There were other Asian American politicians, of course. But few had the career arc of Mineta, who first served locally in 1971 as mayor of San Jose. He was the first Asian American mayor of a major U.S. city.

In 1974, he was first elected to Congress, leaving in 1995, when the divided government began to shape up with an aggressive GOP led by Newt Gingrich.

But Norm re-emerged in government with more Asian American firsts, as Commerce Secretary in the Clinton cabinet, and then Transportation Secretary under G.W. Bush. Two administrations. Two different parties.

I didn’t work for him then. Nor did I later, when Norm continued to evolve as a Washington player, first at Lockheed Martin, the corporate aerospace giant, then as vice-chairman at the public relations giant, Hill+Knowlton.

The Norm I knew was the 1993 Norm. The people’s Norm.

The Norm who drove a modest white Dodge Colt, because he wanted an American car. I knew the guy who worked all day, then carried a huge bag of homework to read through for the next day. I knew the guy who was in the post-flow triumph of the Civil Liberties Act, always diligent, persistent, and searching for a way to make things better.

That’s what I learned about Norm the most. Remember, this was in the early ‘90s. Washington was getting nastier, more divisive and gridlocked.

But Norm had friends like the late Republican Sen. Alan Simpson. They met as Boy Scouts in Wyoming. One incarcerated, the other free. Later as congressmen, they stood for a kind of bipartisanship that is rare these days. This was true with others across the aisle. Like the late Rep. Henry Hyde, author of the infamous Hyde Amendment, which denies federal funding for abortions in public programs like Medicaid and Medicare.

Norm was good friends with Hyde. That was perhaps the political lesson I learned from Mineta. Legislation is one thing, but we’re all still human beings.

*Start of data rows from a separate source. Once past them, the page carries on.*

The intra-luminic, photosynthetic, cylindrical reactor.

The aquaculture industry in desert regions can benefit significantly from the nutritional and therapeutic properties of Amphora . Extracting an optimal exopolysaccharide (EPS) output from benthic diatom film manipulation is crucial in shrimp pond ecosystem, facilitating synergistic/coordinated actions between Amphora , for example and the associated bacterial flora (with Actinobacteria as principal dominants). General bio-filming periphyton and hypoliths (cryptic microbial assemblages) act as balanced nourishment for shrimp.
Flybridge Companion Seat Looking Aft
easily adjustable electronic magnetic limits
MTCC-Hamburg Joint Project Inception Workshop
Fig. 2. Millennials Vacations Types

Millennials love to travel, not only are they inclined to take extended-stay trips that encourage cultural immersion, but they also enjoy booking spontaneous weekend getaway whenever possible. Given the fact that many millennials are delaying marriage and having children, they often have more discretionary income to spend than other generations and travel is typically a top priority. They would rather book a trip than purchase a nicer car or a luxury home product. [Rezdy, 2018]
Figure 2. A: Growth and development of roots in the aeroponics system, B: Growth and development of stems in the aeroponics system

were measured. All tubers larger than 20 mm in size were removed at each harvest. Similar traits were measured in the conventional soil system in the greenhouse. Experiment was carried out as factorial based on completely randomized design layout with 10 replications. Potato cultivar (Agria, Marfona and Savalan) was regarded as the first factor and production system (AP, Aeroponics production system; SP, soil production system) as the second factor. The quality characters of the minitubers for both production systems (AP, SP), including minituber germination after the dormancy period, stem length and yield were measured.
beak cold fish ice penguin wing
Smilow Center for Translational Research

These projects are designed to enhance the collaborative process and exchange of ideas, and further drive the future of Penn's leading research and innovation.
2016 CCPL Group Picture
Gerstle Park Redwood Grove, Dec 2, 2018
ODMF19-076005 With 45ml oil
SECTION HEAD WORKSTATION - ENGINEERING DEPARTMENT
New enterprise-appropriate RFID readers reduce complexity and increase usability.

And the goal is to turn adversaries into friends and to have your friends stay friends. You keep the channels open. You create new alliances, like the idea public-private partnerships.

Sound too Republican for your tastes?

The point is, Mineta was always seeking solutions, working together with others to make things better.

He passes as the country is bitterly divided on everything. His life should serve as a playbook on how to keep the fragile nature of our democracy whole.

Remember Norm Mineta. He was the Democrat who got reparations passed in a Republican administration.

Today, that would make him a political Superman. I’ll remember him as Mr. Asian America.